EXERCISE OBJECTIVE:
The listing is to be printed word for word, pictures omitted.

INPUT DATA:
╔══

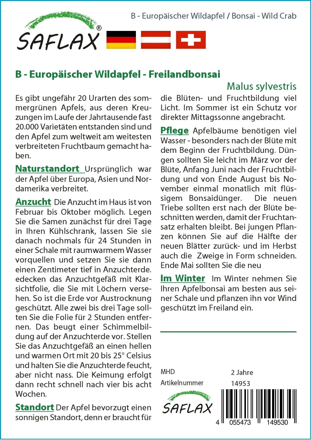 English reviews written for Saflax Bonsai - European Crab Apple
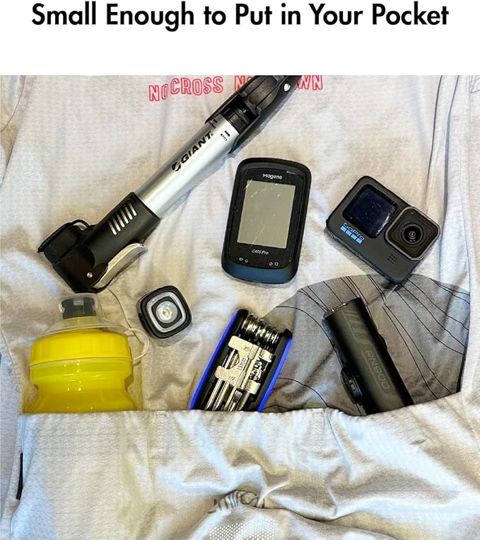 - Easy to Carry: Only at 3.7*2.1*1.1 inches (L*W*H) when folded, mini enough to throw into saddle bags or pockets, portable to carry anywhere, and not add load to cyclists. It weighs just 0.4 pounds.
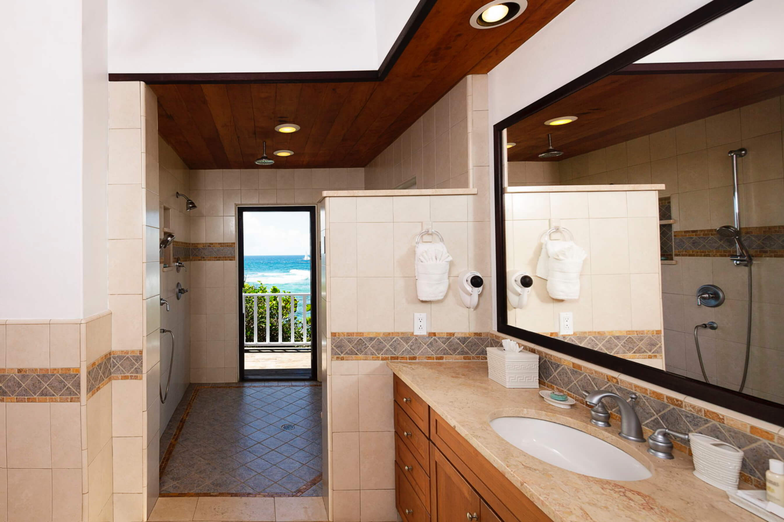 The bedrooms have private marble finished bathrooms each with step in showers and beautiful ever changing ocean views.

╚══

TASK RESPONSE:
 English reviews written for Saflax Bonsai - European Crab Apple
 - Easy to Carry: Only at 3.7*2.1*1.1 inches (L*W*H) when folded, mini enough to throw into saddle bags or pockets, portable to carry anywhere, and not add load to cyclists. It weighs just 0.4 pounds.
 The bedrooms have private marble finished bathrooms each with step in showers and beautiful ever changing ocean views.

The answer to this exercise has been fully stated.